Discussion and Conclusion:

As seen in the table and graph above, the P.caudatum and P. aurelia cultured separately

experience exponential growth until their carrying capacities are reached. Exponential growth is an

explosive growth in which the total number of potentially reproducing organisms increases with each

generation until limitations on resources cause the population to stop increasing (Brooker et al., 2008).

When a population size becomes stable, its carrying capacity has been reached (Brooker et al., 2008).
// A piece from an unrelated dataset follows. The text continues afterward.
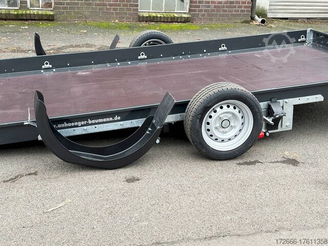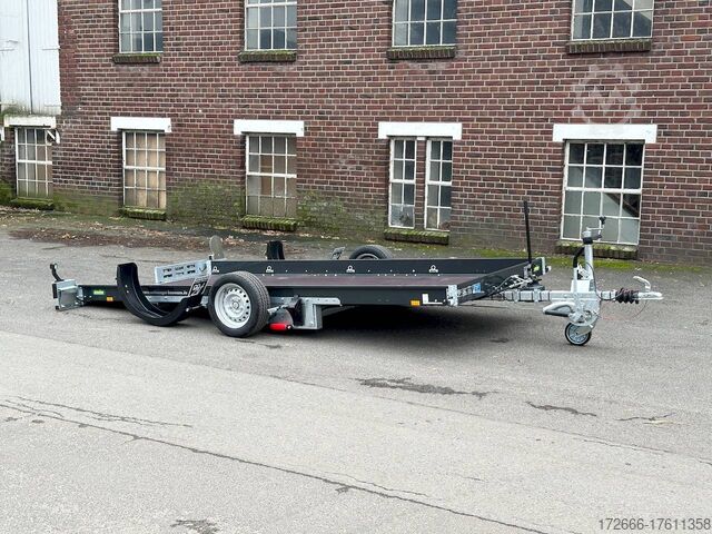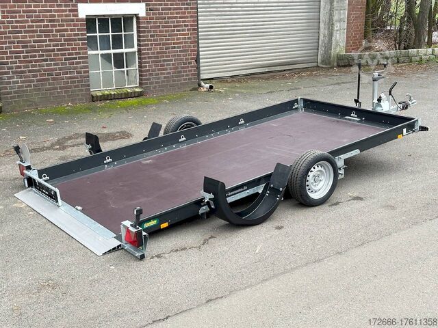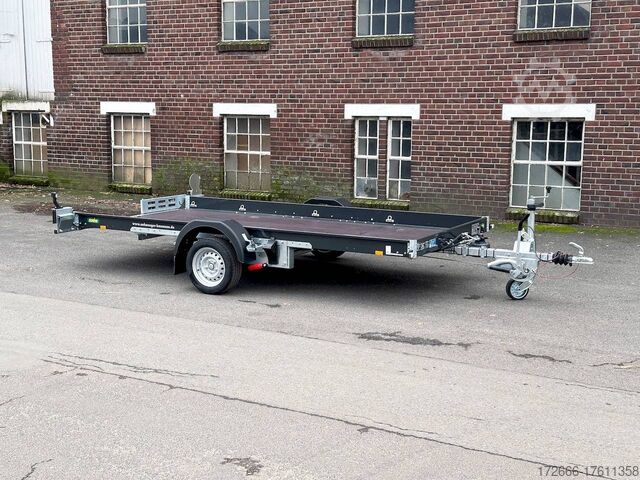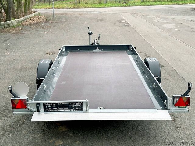 Hydraulics, automatic reverse drive, hot-dip galvanizing, lowerable loading platform / 1800 kg axle / Including 100km/h, * IMMEDIATELY AVAILABLE * incl. lowerable loading platform / 1800 kg axle / Including 100km/h Technical data: - Make: Unsinn - Model: UA 3718-18-13 - Vehicle type: Lowerable trailer - Vehicle condition: New vehicle - Initial registration: Without initial registration - TÜV/HU: 2 years from initial registration - Internal dimensions (LxWxH): 375 x 180 x 15 cm - External dimensions (LxWxH): 523 x 238 x 96 cm - Loading height of floor: 46 cm - Perm. Total weight: 1,800 kg - Unladen weight: 475 kg - Payload: 1,325 kg - Chassis: Low loader (wheels next to the body) - Tires: 195/50R13C - Chassis: ALKO rubber suspension - Support wheel: Yes, automatic - 100km/h approval: Yes EQUIPMENT - Brakes: Yes - Number of axles: 1 - Floor: Wooden floor - Drop sides: Steel drop sides - Drop side height: 15 cm - Colour: Black - Number of pallet spaces: 6 - Tipping / lowering function: Can be lowered - Hydraulic pump: Hand pump - Overrun device/brake: ALKO - Frame/chassis: Steel side member, bolted - Galvanization: Painted - Drawbar: Tubular drawbar - Mudguards: Plastic mudguards - Motorcycle rocker: Optional, can be retrofitted - Superstructures / attachments: Optional, attachable - Ramps/ramp flap: Optional - Drive-on angle: approx. 6 - Supports: Optional, can be retrofitted - Lashing eyes: 12 - Rear lighting: Incandescent lamps, lamps recessed in rear frame - Plug for lighting: 13-pin - Vehicle documents: ZBII & COC documents DESCRIPTION - 3-sided body made of sturdy galvanized steel profile and powder-coated in black-grey (RAL 7021) - Continuous drive-on wedge enables drive-on across the entire width of the cargo bed - Insertion options at all corners, e.g. for tarpaulin frame - Folding number plate frame 10 fold-down lashing eyes in the side wall profile - 1 lashing eye in the front wall profile - 1 lashing ring in the middle of the rear loading area - Reinforced, automatic support wheel for safe parking of the loaded trailer - Made of multi-glued screen printing plate, 18 mm, continuous without joints, anti-slip and waterproof - Drive-on angle in tilted state approx. 6 - Rear license plate holder, can be swiveled away for loading - Automatic reverse function - 13-pin plug - Reversing light - Large safety lighting - Integrated rear fog light - Lighting recessed in rear frame - Automatic center support wheel Accessories can be retrofitted - please enquire: - Anti-theft device - Spare wheel - Storage box - High tarpaulin - Additional lashing eyes - Reversing light - Lashing straps - and much more. New vehicle with warranty and TÜV. We are happy to offer you suitable financing !, Descriptions and pictures are protected by copyright !!! Over 800 trailers immediately available for you! We are for over 30 years Brian James / Humbaur / Hapert / Unsinn / Cheval Liberte / Koch / Debon / Stedele / TPV / Tohaco / Vezeko / Variant / Vlemmix - specialized dealer & repair - workshop - delivery Germany-wide with surcharge possible! Anhänger Zentrum BAUMANN GmbH Dinxperloer Str. 389 46399 Bocholt - Errors, omissions and prior sale excepted -

Intraspecific competition is present among the P. caudatum in Test Tube 1 and among the P. aurelia in

Test Tube 2 and places limit on the population growth of each. Intraspecific competition is defined as

competition between individuals of the same species (Brooker et al., 2008).
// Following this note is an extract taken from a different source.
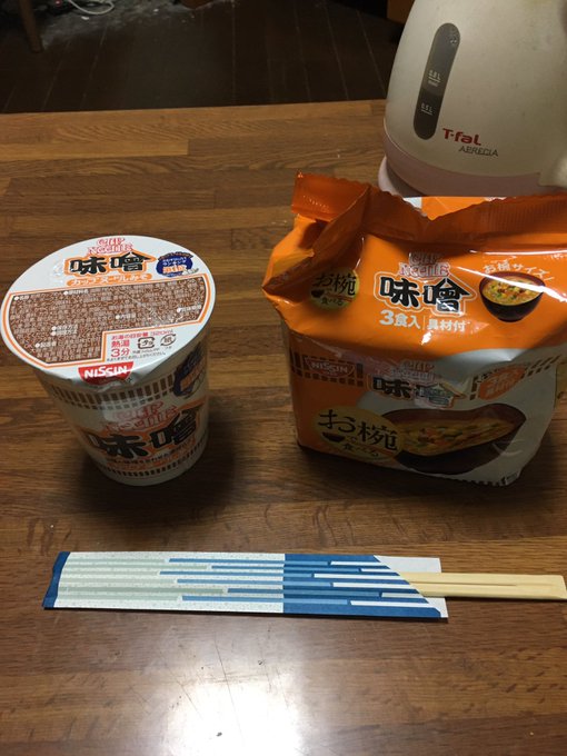 さて年越しそばという名のカップヌードル味噌を作って食べる(;´Д`)
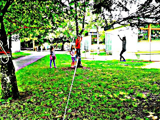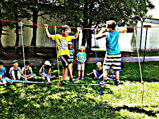 Ich habe auf dem Gelände zwischen unserem alten und neuen Pavillon Seilbrücken gespannt. Die unterschiedlichen Schwierigkeitsgrade haben große und kleine Kinder herausgefordert, manchmal haben sich auch die Eltern auf das Seil gewagt.

Interspefic competition, defined as competition between individuals of different species, was

present between the P. caudatum and P. aurelia in Test Tube 3 of the experiment, resulting in the

extinction of P. caudatum in the sample. (Brooker et al.,2008). Competition occurs between species with

similar needs and habits when the population size becomes too large and resources become too scarce

(Crombie, 1947). When competition is present between species whose external conditions remain

constant, it is said that two species with the same needs and habits cannot survive in the same place due to

limiting resources (Crombie, 1947). The conditions for interspecific competition were present in the
experiement in Test Tube 3. Superiority of one species over another depends on that species adaptation to

the environment, including reproduction and survival rates, as well as interspecific interference, such as

consuming the same type of food (Crombie, 1947 pg 49). As previously stated, both species use bacteria

for food, but P. aurelia grows at a rate six times faster than P. caudatum, and can also better convert the

food it consumes into offspring (Brooker et al., 2008). “P. aurelia has two adavantages over P. caudatum:

the rate of geometric increase of the biomass of the former species is higher and it accumulates a greater

biomass than P. caudatum at the expense of the same amount of food (Crombie, 1947 pg 52).” As seen

in the experiement, initially the two species both increased in number; however, as the population grew, it

became too large for the food source to support, leading to the extinction of P. caudatum (Crombie, 1947

pg 52).

According to the results of the experiment, my hypothesis that the P. aurelia would outgrow the

P. caudatum, forcing it to extinction, proved correct due to the presence of intraspecific competiton

between the two species. The hypothesis could be tested further by adding or changing some of the

conditions of the experiment, such as the environment or the food source. Also, another Paramecium

species, such as P. bursaria (as Gause conducted) could have been added to the experiement to further

investigate competitive factors.


Brooker, R.J., Widmaier, E.P., Graham, L.E., and Stiling, P.D. 2008. Biology. 56:

1207-1208, 57: 1220, 1223-1224.

Crombie, A.C. 1947. Interspecific Competition. Journal of Animal Ecology Volume 16: 48-49, 52.